![]() |
| Screen shot from youtube video of Country Joe at Woodstock singing "What're we Fightin' For?" |
War Story #8 What’s the Mission?
I have already reported that upon arrival in Vietnam in 1967, soldiers were given wallet cards answering the question of why they were in Vietnam: to win the hearts and minds of the Vietnamese people. I can’t imagine how the author of this mission statement could have envisioned how this was to take place.
Really? Wars are expensive in terms of blood, treasury, and national standing. You would think that before choosing to go to war, a clearly defined, rational objective could be expressed. The initial objective was embodied in the so-called Domino Theory. We must stop the march of godless communism in Vietnam to prevent losing the rest of Southeast Asia. I guess we thought we “owned” all of this in the first place. Ridiculous, but fear has a way of fogging our brains. By 1967, it was looking like the march of godless communism was not the governing dynamic—more and more it dawned on us that we were really dealing with the complexities of nationalism and not imagined external threats. We took sides, but we jettisoned the Diem regime and naively hoped we could win hearts and minds at gunpoint. Perhaps we thought the outcome would be something like the one in Korea, but there is no doubt that shallow thinking led us into a quagmire.
In 1971, I was talking with one of our Chinese interpreters, Sergeant Anh, who was Chinese and claimed to be a persecuted minority. He told me that you could tell a Chinese person from a Vietnamese person by looking at their feet. He claimed that the big toe of a Vietnamese person sticks out sideways like that of a monkey. That year we had reports of a pregnant woman being gunned down in a rice paddy by a Vietnamese helicopter gunship. The Vietnamese response was, “It’s OK, she was Cambodian.” All of these countries have been in turmoil for centuries, and it’s hard to imagine how ethnic differences could be resolved by the United States or even by China. You just have to wonder how well our national leaders understood the situation. From what I saw first-hand, very little.
If you wanted to learn about Vietnamese culture back in those days, it was difficult. Bernard B Fall was the best expert on the military aspects, and he was teaching right here in our national capitol at Howard University, but the Pentagon showed little interest. Have you ever seen a discussion of the various religions such as Catholicism, Buddhism, or sects such as Hoa Hao, or Cao Dai? Ever wonder why those monks immolated themselves? Ever heard of Bao Dai or the Bình Xuyên? Have you learned about Ho Chi Minh? Do you know about the French and Japanese influences, including the Michelin rubber plantations? What did General Westmoreland know of these things? He or we could not have won any hearts or minds without understanding them. We could not have imposed our will militarily without staying engaged forever.

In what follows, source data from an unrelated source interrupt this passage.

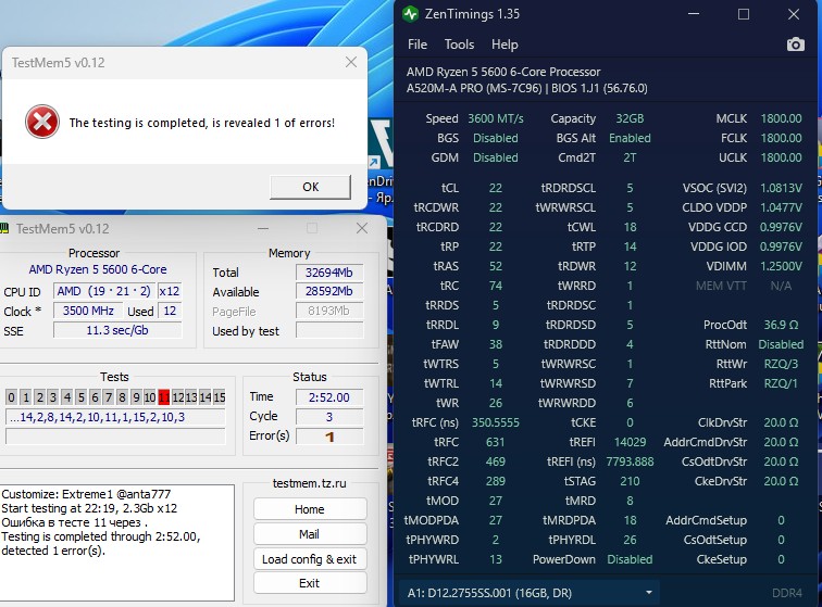 f1limon критично, ошибки памяти = нестабильная работа пк так или иначе не эксперт, но попробовал бы: повысить wrrd до 2-3-4 (DR же, 1 мало, не?) cwl 20 (раз cl 22) vddp 0.9 или 0.85 попробовать поднять напряжение памяти. почему оно такое низкое ? там самсунги, или что, которые вообще напряжение не любят?
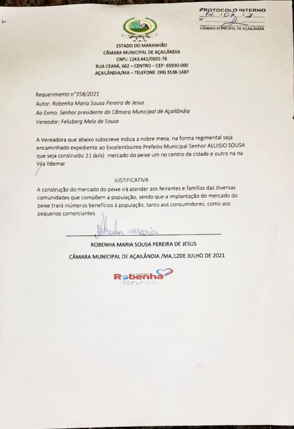 Através de requerimento de nº 358/21, à vereadora Robenha, solicitou junto ao poder executivo, a construção de dois Mercados do Peixe: Um para o centro da cidade e outro na vila Ildemar o maior bairro do município.
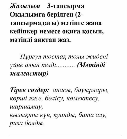 оқылымға берілген ( 2 тапсырмадағы) мәтінге жаңа кейіпкер немесе оқиға косып,мәтінді аяқтап жаз
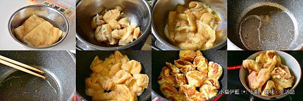 麵麩泡水軟化 (圖一),擠乾水份後切成小段 (圖二)。雞蛋打散,把麵麩泡入 (圖三)。炒鍋放油加熱 (圖四)。

It was a fool’s errand.
In a latrine at Firebase Martha in 1967, I read a piece of graffiti that has remained in my brain ever since, “Kill a Cong for Christ.” I have often wondered who wrote it. Was it some clever satirist? Was it a latter-day Crusader, a knight fighting to save the Vietnamese Holy Land, or just some poor soul trying to formulate what he understood to be the real mission, since the mission he was given was nonsense?
‘Thank you for your service.’ we’re told. When I hear that, I’m thinking to myself that if you really mean that, you will do a better job of learning about the world and be more demanding when examining the rationale that our fearless leaders give for going or returning to war in places like Iraq, Iran, Syria, or all of the above. I thought the bogey man had gone away at the end of the Cold War, but it seems that the bogey man has returned and gotten religion these days. To fight in any of these places requires us to take sides in civil wars and to fight tar babies. Did Vietnam not teach us anything? From what I saw, US Forces could capture, say, Mosul, but then what?